Délimité par le Congo, le Sud-Soudan, la Tanzanie, le Rwanda et le Kenya, l’Ouganda est un pays pauvre dans un environnement difficile. Trois membres de l’équipe du BEB, dont moi-même, y ont passé la semaine dernière et ne l’échangeraient pas contre des vacances sur la Côte d’Azur. Mais si nous avions besoin d’un rappel de notre environnement, juste après notre arrivée, nous avons reçu la triste annonce de deux décès dus à Ebola dans l’ouest de l’Ouganda.

    Dans ce contexte, nous avons vécu l’une de nos meilleures semaines. Le ministère du Genre, du Travail et du Développement social (MGLSD) a affirmé son engagement à accélérer l’expansion du logiciel « Les enfants d’abord » de BEB dans tout le pays.

    À la suite d’un projet pilote réussi dans cinq foyers pour enfants, le ministère a décidé d’étendre le programme aux 101 autres établissements agréés.

    Ils estiment qu’il existe environ 300 établissements non agréés.
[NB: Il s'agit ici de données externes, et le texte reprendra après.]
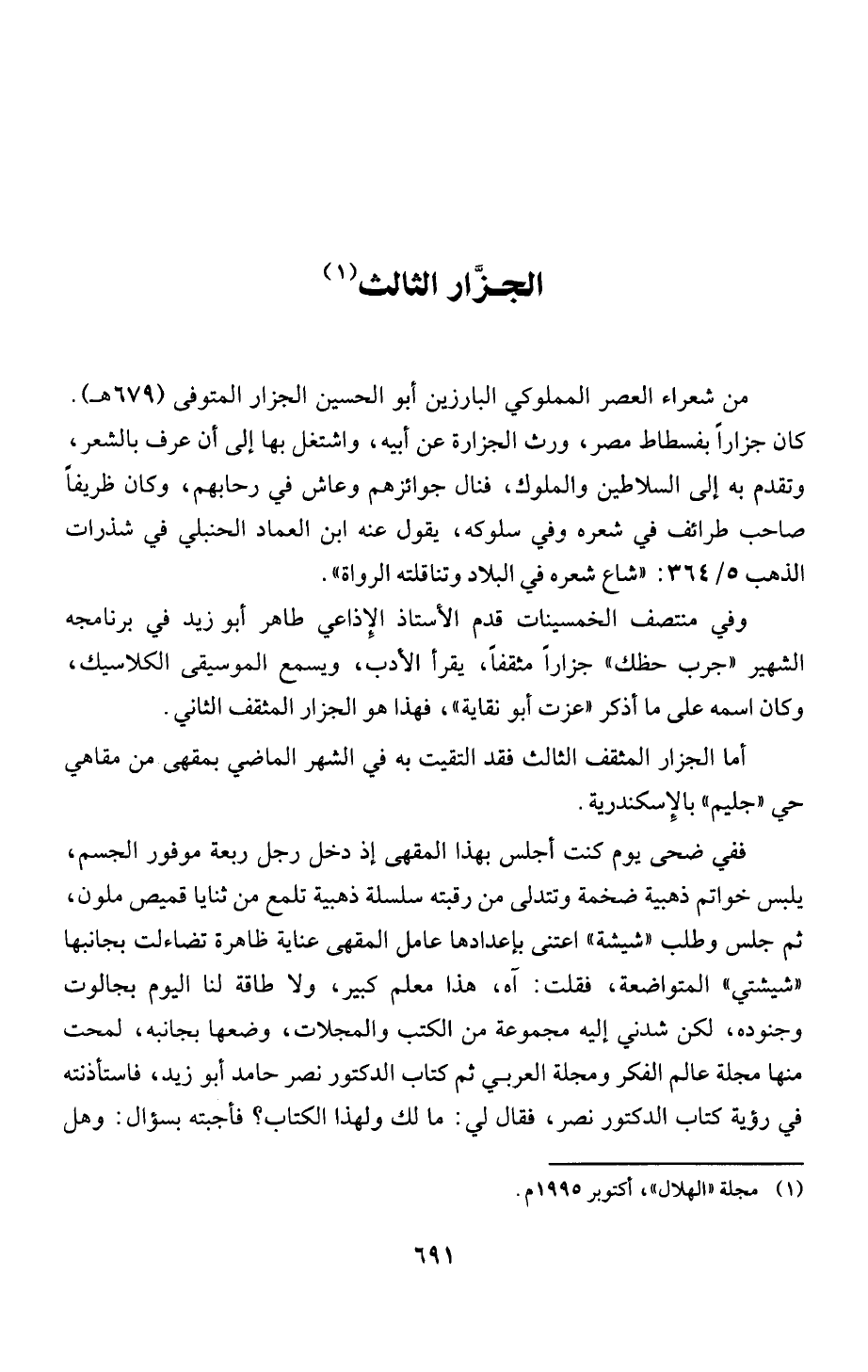(1) مجلة "الهلال"، اكتو بر 5 9 9 1 م.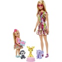 Набор игровой Barbie 2 куклы + 3 питомца GTM82 Малышка Челси отмечает День Рождения, поэтому кукла Барби приглашает всех юных мечтательниц присоединиться к веселью и поздравить ее сестренку. Не удивляйтесь, но в числе гостей вы встретите забавного жирафа, очаровательного слоненка и озорную обезьянку! Куклы Барби и Челси одеты в яркие модные платья, отлично подходящие для дружеской вечеринки, а тематические аксессуары, такие как торт и коробка с подарком, позволят придумать множество увлекательных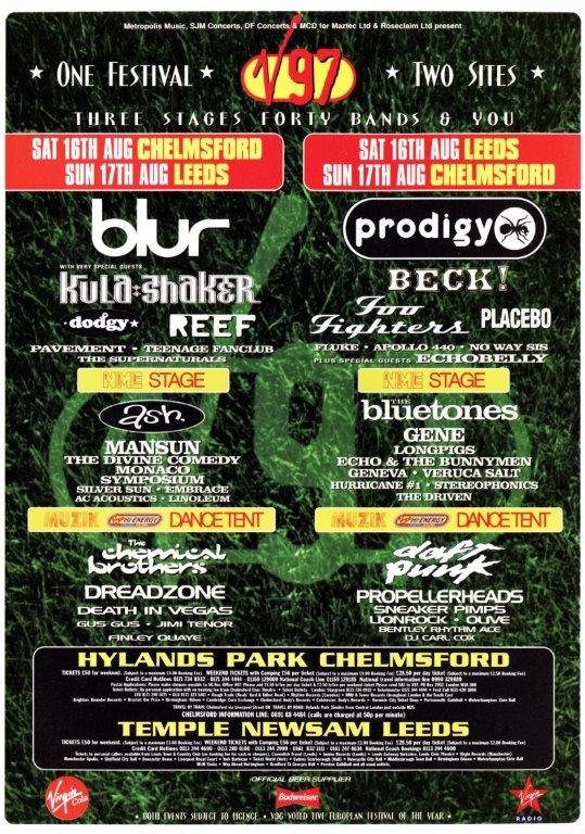 First festival was the free anti-racism festival that Ken Livingstone used to put on before he was mayor / went a bit sideways. I was 11 and can’t find a poster. I remember it being insanely hot and was my first time seeing people on a lot of drugs. Dreadzone and Credit to the Nation were both great.

L’utilisation du CFS sera une exigence pour l’obtention de l’autorisation d’exercer et soutiendra le ministère dans ses efforts pour élever les normes générales de soins. Cela reflète l’approche de BEB qui consiste à donner à ses partenaires les moyens d’assurer la durabilité du travail.

    L’un des moments forts de notre visite a été de voir le directeur de l’un des foyers pour enfants utiliser le CFS pour enregistrer un nouvel enfant, ce qui lui donne une identité et lui permet de trouver une famille.

    Le deuxième jour à Kampala, BEB a organisé une session d’une demi-journée avec le MGLSD, au cours de laquelle nous avons présenté nos progrès et nos projets à un groupe plus large de parties prenantes externes, renforçant ainsi notre mission de transformation du bien-être mondial des enfants par la technologie et la collaboration.

    Avant notre départ, BEB et MGLSD ont signé une déclaration d’intention solidifiant notre partenariat et définissant la feuille de route pour réduire le nombre d’orphelins en Ouganda en plaçant ces enfants dans des familles.

    Nous avons visité deux établissements. Comme c’est généralement le cas, les soignants ont été formidables, travaillant dur et avec compassion contre vents et marées. Les enfants sourient et rient, mais je me demande toujours ce qu’ils font quand nous partons. Quand ils dorment la nuit, je parie qu’ils rêvent d’un papa et d’une maman. À la BEB, nous contribuons à faire de ce rêve une réalité.